Originally Posted by
OpMidClimax
At this time there is no evidence of latency. Yes a decade later this could be proven different. But, with this genome, it's just not predicted. None of the colleagues I work with are tuned to this. We are all in agreement of reinfection vs relapse at the moment.
Dr.
Muhammad Yousuf highlights the summary below.
Current clinical evidence is highly in the two articles. Note in the first article (1) that HCWs who had clinical recovery did not transmit the disease to contacts despite positive RT-PCR tests.
Study (2), patients who had clinically recovered but showed positive RNA based RT-PCR tests did not transmit COVID-19 by donating plasma that was transfused to other recipients.

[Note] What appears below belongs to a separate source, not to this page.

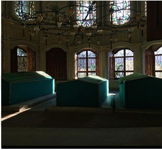
Şekil 1: Şah Sultan Külliyesi, türbenin iç görünümü, sokak ve bahçe çeşmeleri (Sena Sezen Özen Alabaş, 2021, Eyüpsultan/İSTANBUL).

This indicates that SARS-CoV-2 virus latency or reactivation is more of a hype than a reality and viral RNA in clinically recovered patient is inactive viral litter or garbage, not an active virus.
1.
Article https://www.researchgate.net/publica..._February_2020
2.
Article https://www.researchgate.net/publica...ients_in_China
No evidence that people with herpes zoster - which is most of us - transmit it if we donate IGG either. I don’t know why you would consider that proof of anything. Yes, it’s an RNA virus and we haven’t seen that producing latency in humans (yet) but DNA viruses can be latent in other mammalian species and a coronavirus definitely can be latent in lab rats. Time will tell.